=== TASK BRIEF ===
Retype exactly what runs from the first line of the data to the line with "Retro Hand Drawn", keeping both of those lines and skipping pictures.

===== GIVEN ENTRIES =====

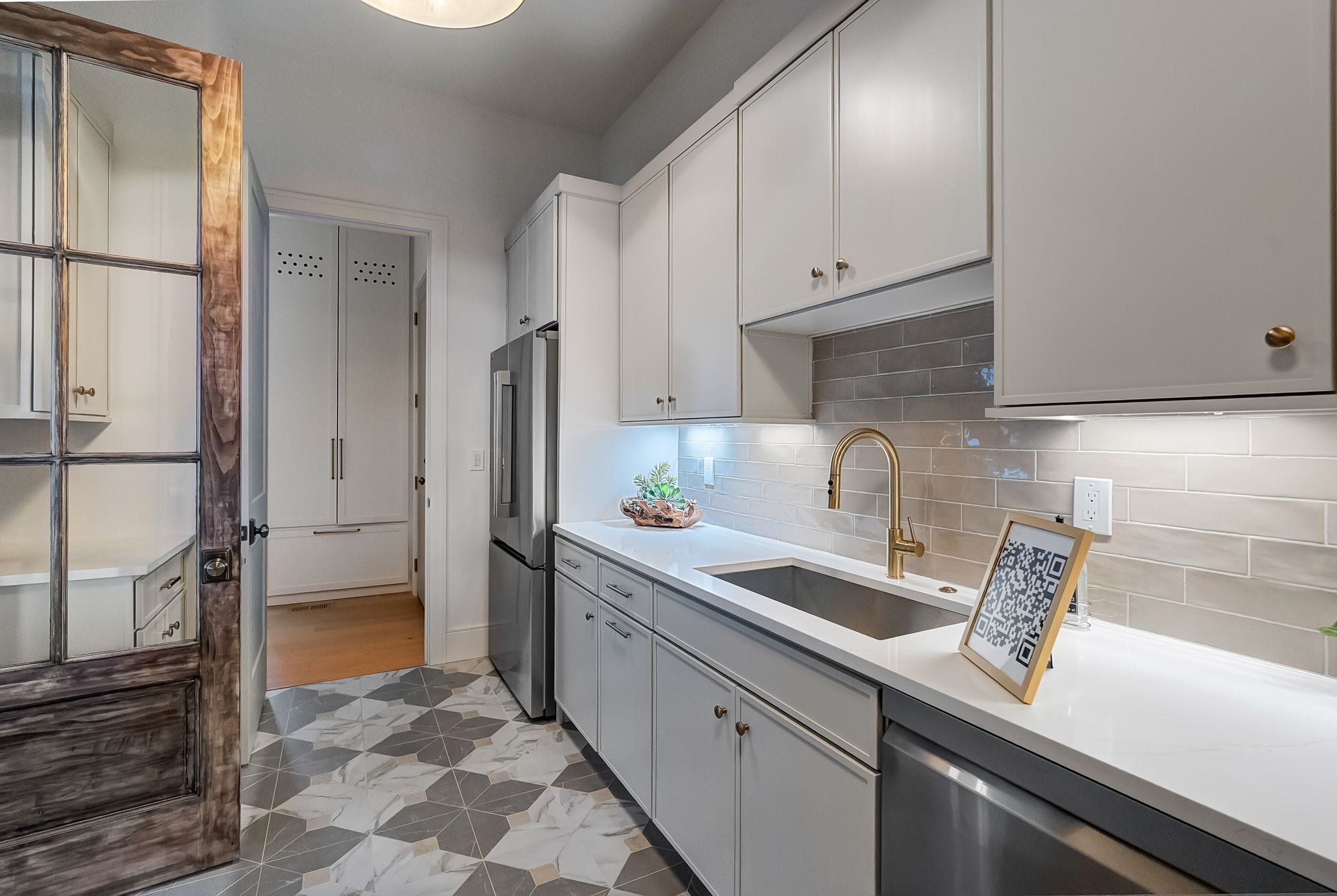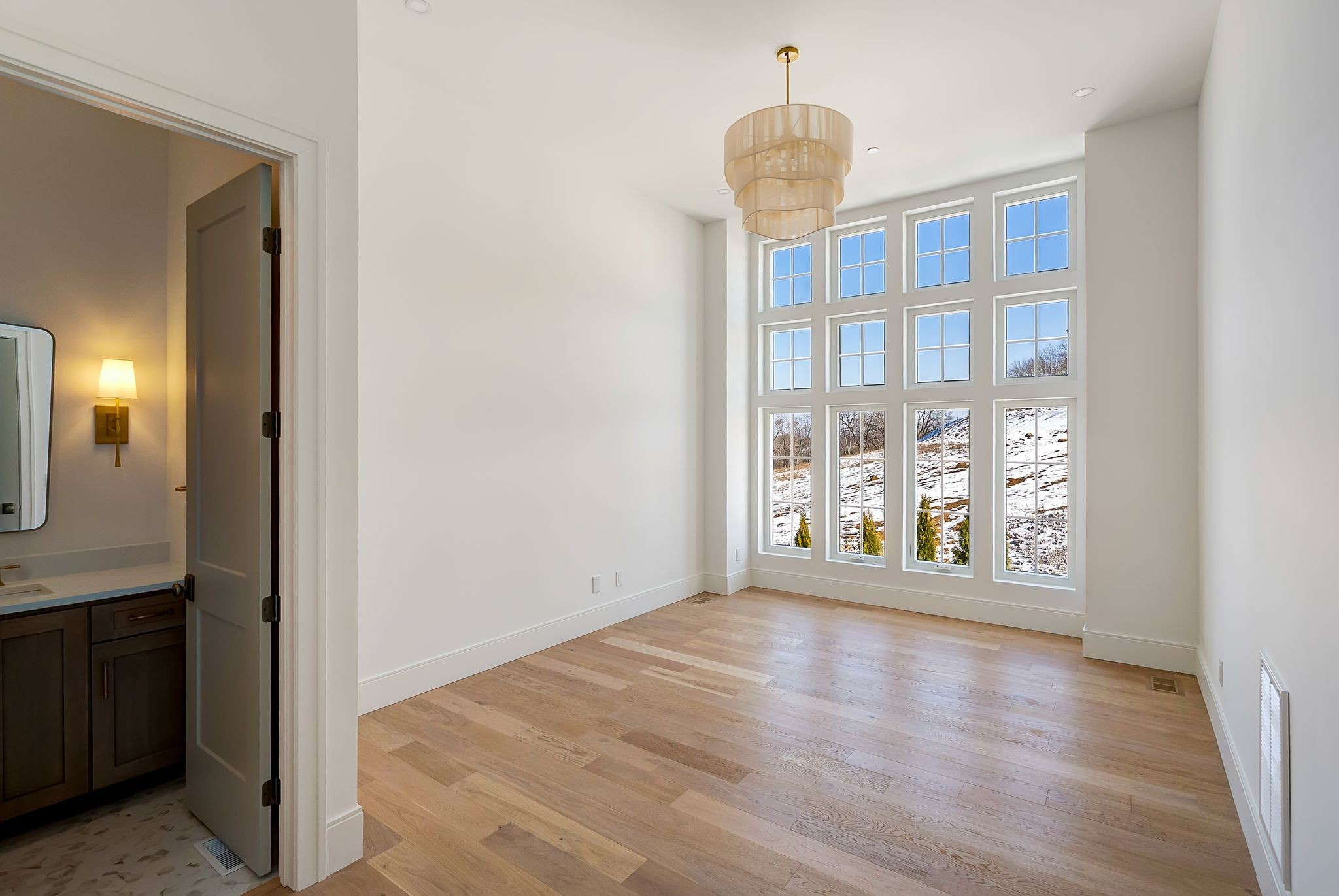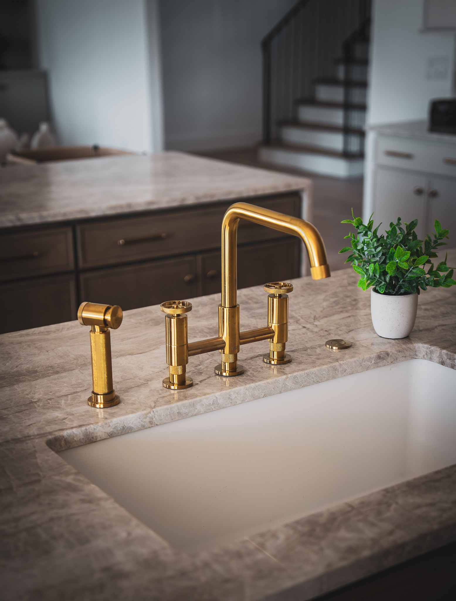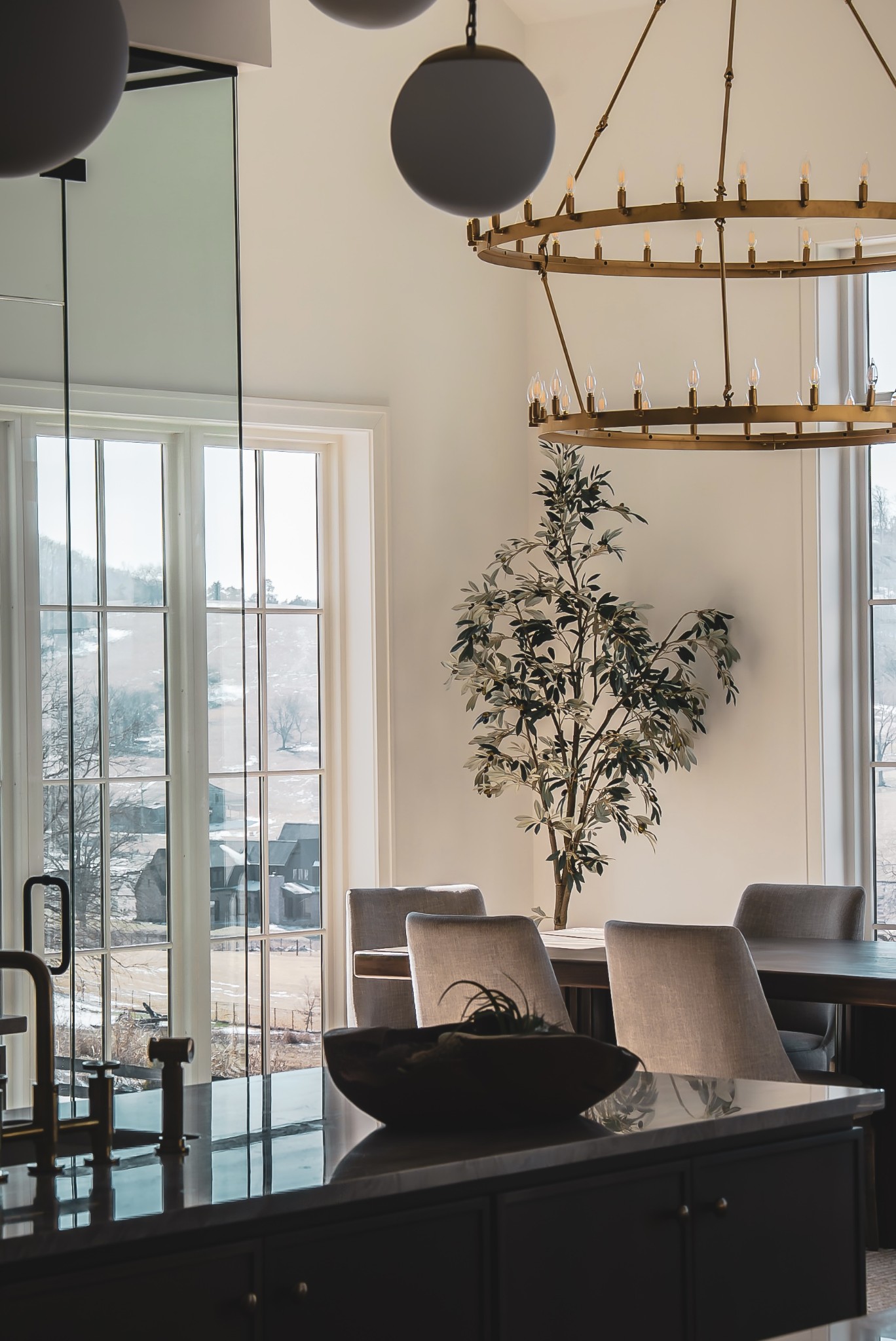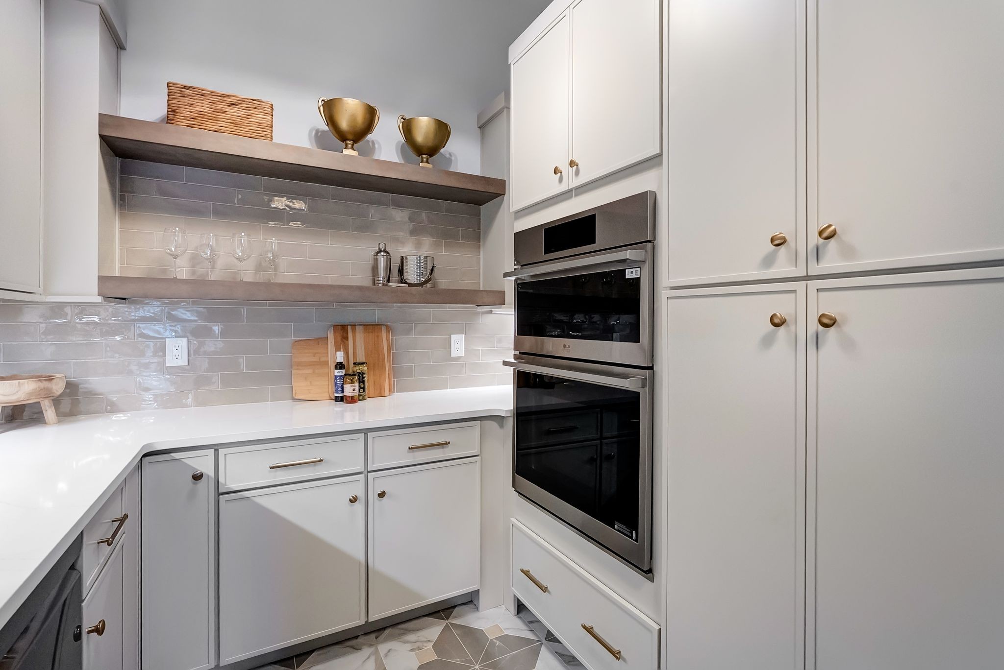 The Tudor-inspired exterior blends natural stone and brick selected to complement the landscape and capture warm sunset views. Inside, the home centers around a chef’s kitchen featuring a double-island layout designed for functionality, flow, and gathering. Fully panelized appliances maintain a seamless aesthetic while a full scullery with secondary kitchen allows for effortless entertaining while keeping the main space pristine.
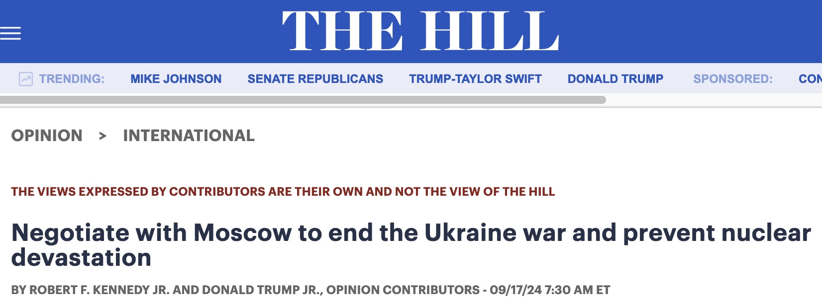 Negotiate with Moscow to end the Ukraine war and prevent nuclear devastation by Robert F. Kennedy Jr. and Donald Trump Jr./The Hill
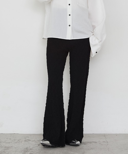 パンツ 「forksy.」「エブリデイシリーズ」シャーリング 裾メロー フレアパンツ レディース
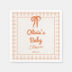 Retro Hand Drawn Orang Bow Gingham Baby Shower Pappersservett
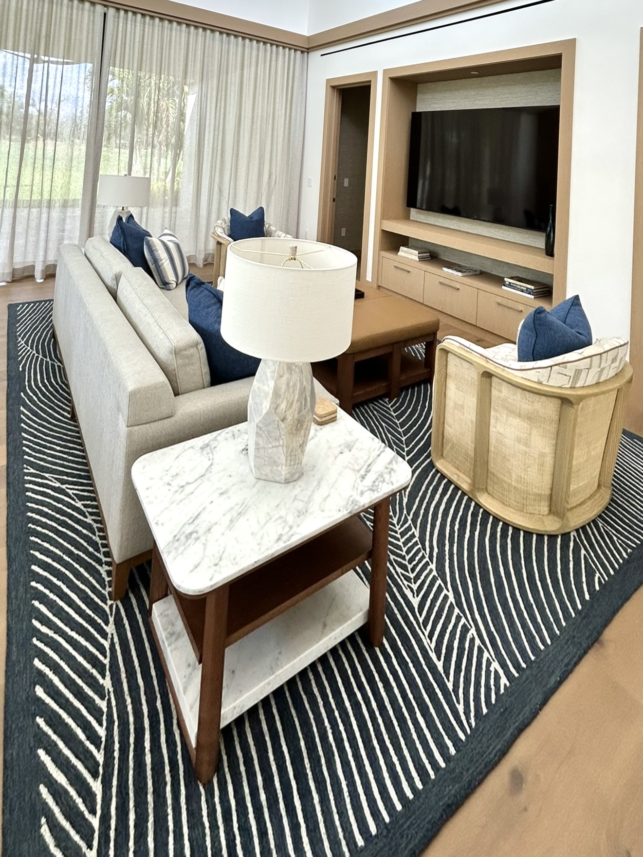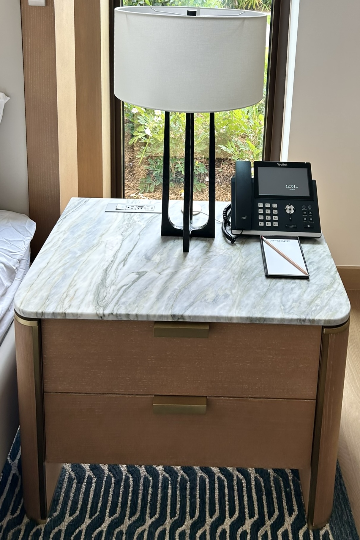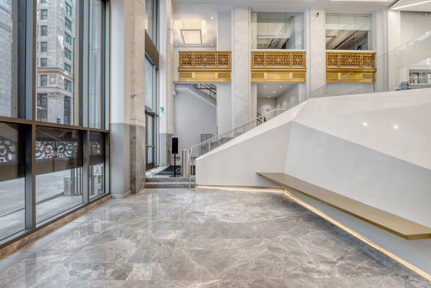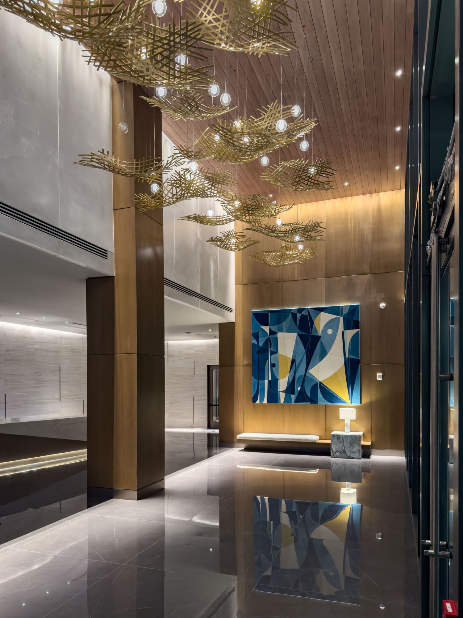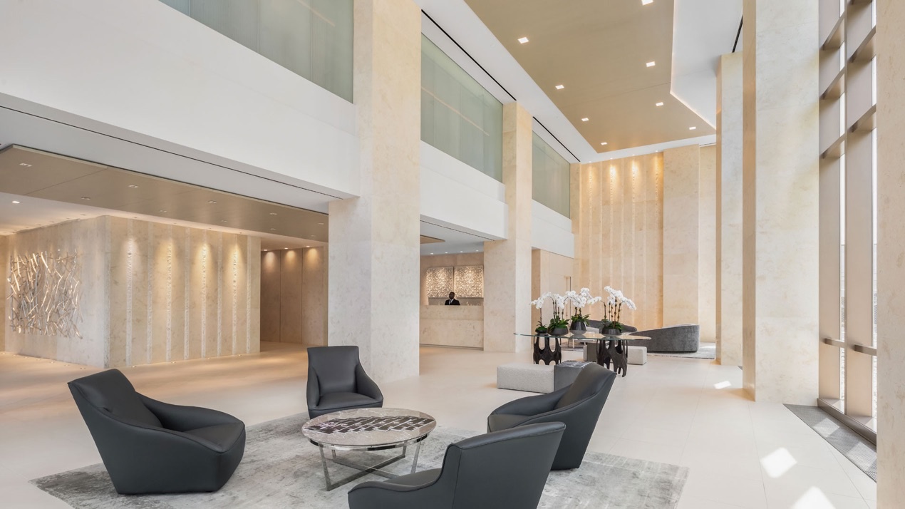 Lobby: Alhambira Limestone, Ataija Cream Limestone, Black Absolute Granite
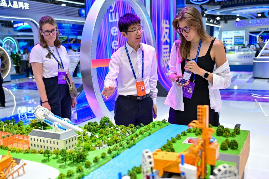 URUMQI, 1 julio, 2024 (Xinhua) -- Imagen del 26 de junio de 2024 de clientes extranjeros visitando el estand de CRCC en la VIII Exposición China-Eurasia, en Urumqi, en la región autónoma uygur de Xinjiang, en el noroeste de China. En su octava edición, esta exposición es aclamada como un canal importante para la cooperación económica y comercial entre China y los países euroasiáticos. (Xinhua/Ding Lei)
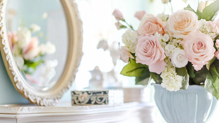Vase with flowers on the white chest of drawers in the room

=====

=== SOLUTION FOR THIS TASK ===
 The Tudor-inspired exterior blends natural stone and brick selected to complement the landscape and capture warm sunset views. Inside, the home centers around a chef’s kitchen featuring a double-island layout designed for functionality, flow, and gathering. Fully panelized appliances maintain a seamless aesthetic while a full scullery with secondary kitchen allows for effortless entertaining while keeping the main space pristine.
 Negotiate with Moscow to end the Ukraine war and prevent nuclear devastation by Robert F. Kennedy Jr. and Donald Trump Jr./The Hill
 パンツ 「forksy.」「エブリデイシリーズ」シャーリング 裾メロー フレアパンツ レディース
 Retro Hand Drawn Orang Bow Gingham Baby Shower Pappersservett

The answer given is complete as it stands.